**Problem requirements:** Pictures in the material below are to be left out, and only the lines from the line with "Автоматично съответствие на" up to and including the line with "Οι επισκέπτες του" are to be written out exactly.

[[ Data to use, beginning ]]

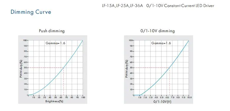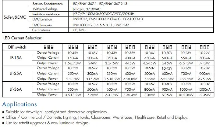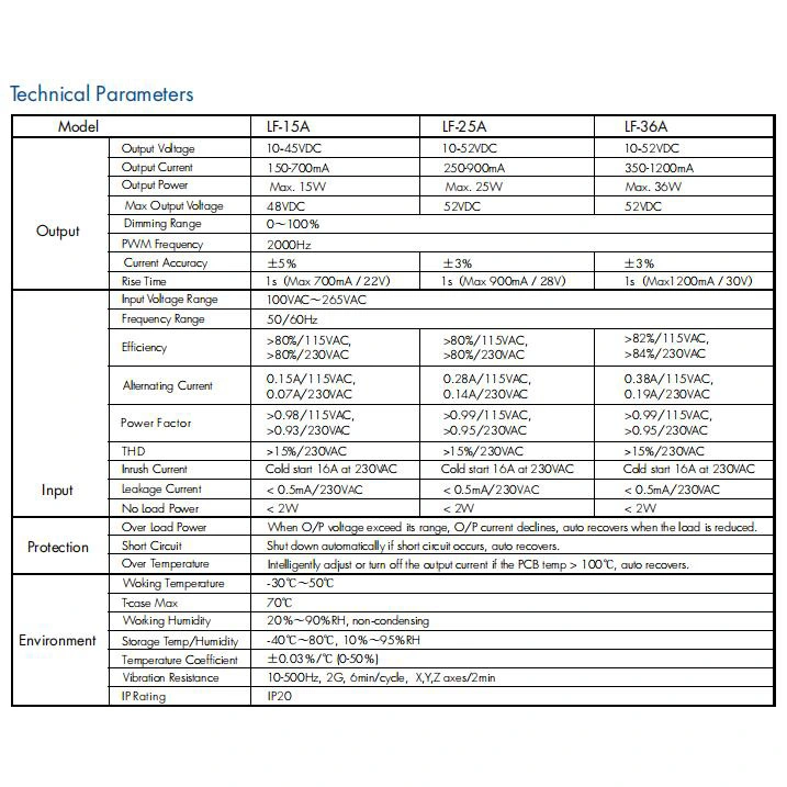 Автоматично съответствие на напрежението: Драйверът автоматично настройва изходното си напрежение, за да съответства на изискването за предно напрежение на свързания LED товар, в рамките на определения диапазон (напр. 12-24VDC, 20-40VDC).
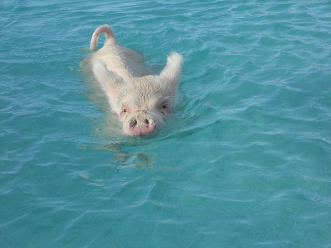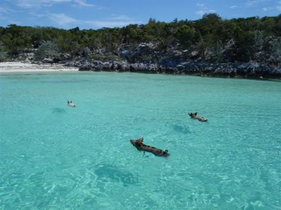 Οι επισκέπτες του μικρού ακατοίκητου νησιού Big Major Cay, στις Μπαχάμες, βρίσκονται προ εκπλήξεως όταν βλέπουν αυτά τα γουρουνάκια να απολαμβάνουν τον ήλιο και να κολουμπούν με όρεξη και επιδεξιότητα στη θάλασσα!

[[ Data to use, end ]]
[[ Data to use, beginning ]]

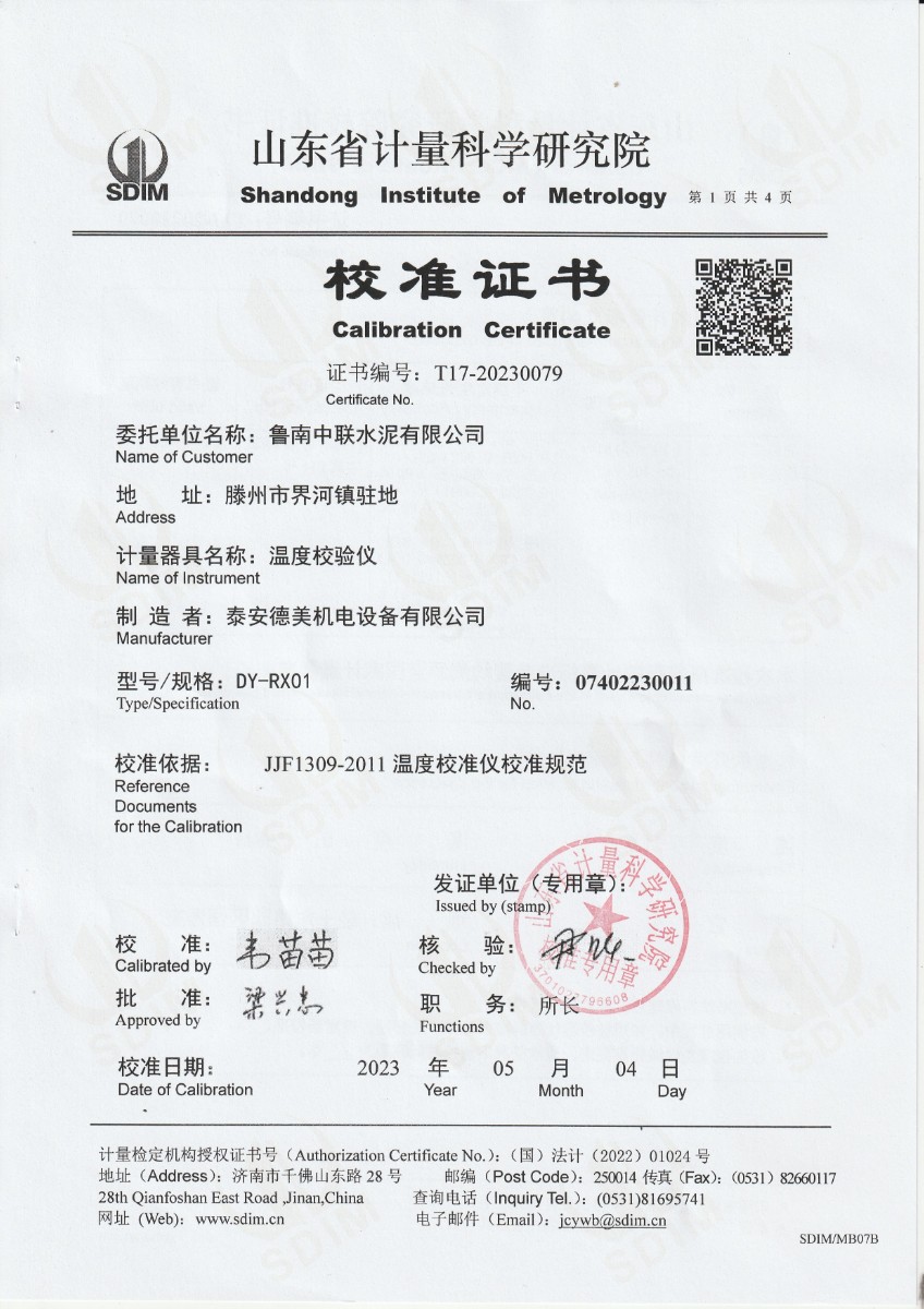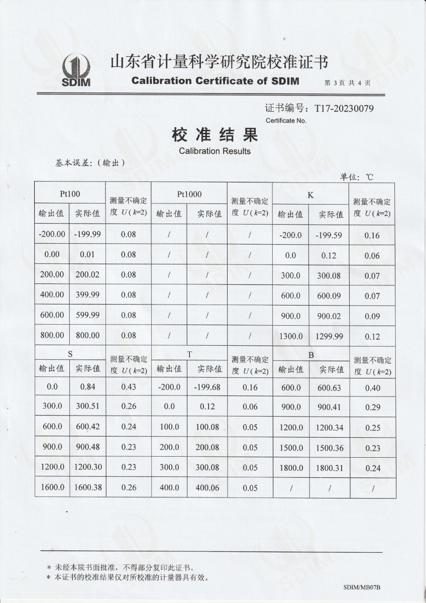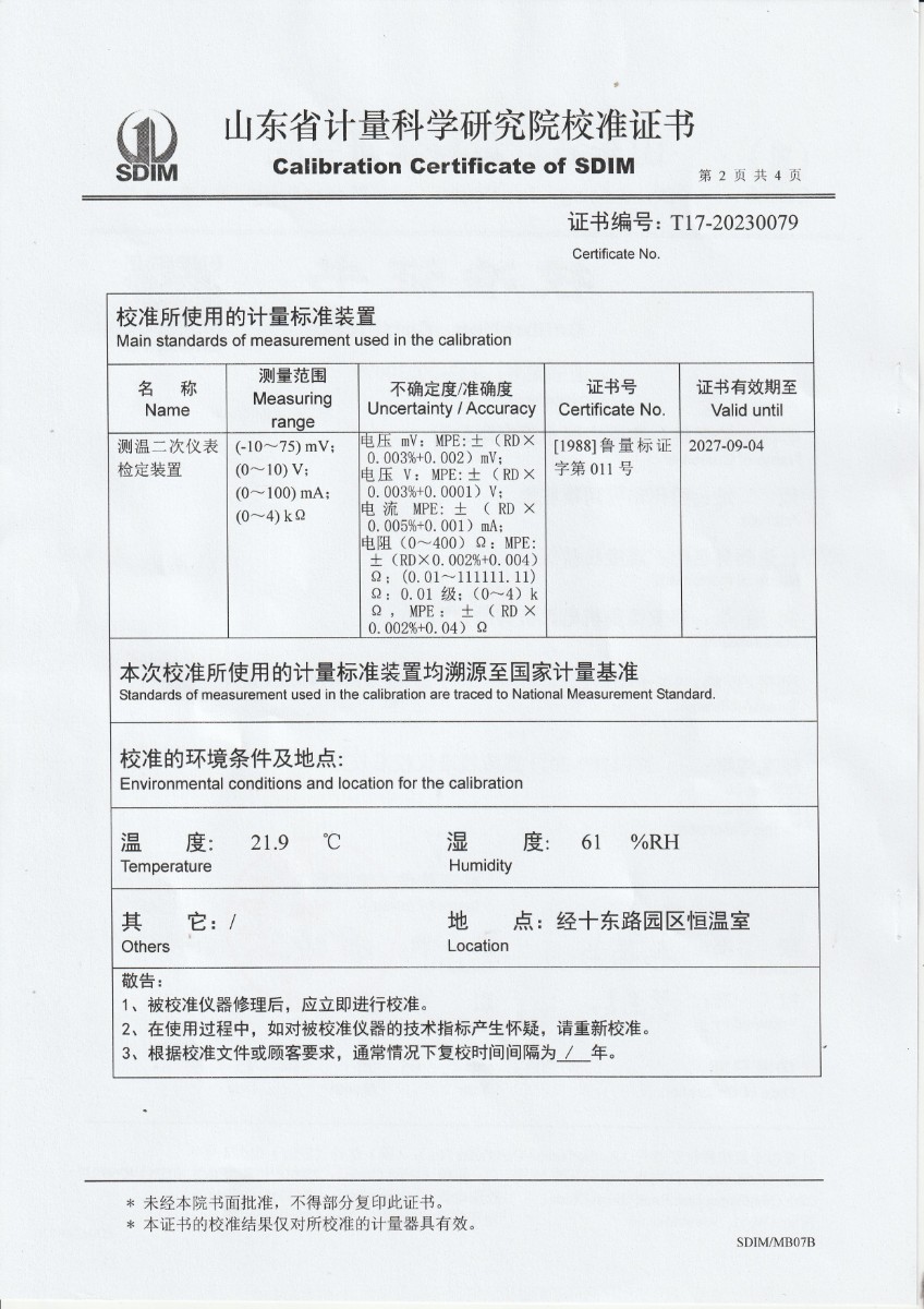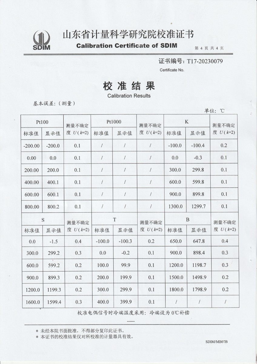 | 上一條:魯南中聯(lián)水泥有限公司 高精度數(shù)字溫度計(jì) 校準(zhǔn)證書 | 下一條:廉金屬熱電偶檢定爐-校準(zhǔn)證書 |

[[ Data to use, end ]]

**Task response:**
 Автоматично съответствие на напрежението: Драйверът автоматично настройва изходното си напрежение, за да съответства на изискването за предно напрежение на свързания LED товар, в рамките на определения диапазон (напр. 12-24VDC, 20-40VDC).
 Οι επισκέπτες του μικρού ακατοίκητου νησιού Big Major Cay, στις Μπαχάμες, βρίσκονται προ εκπλήξεως όταν βλέπουν αυτά τα γουρουνάκια να απολαμβάνουν τον ήλιο και να κολουμπούν με όρεξη και επιδεξιότητα στη θάλασσα!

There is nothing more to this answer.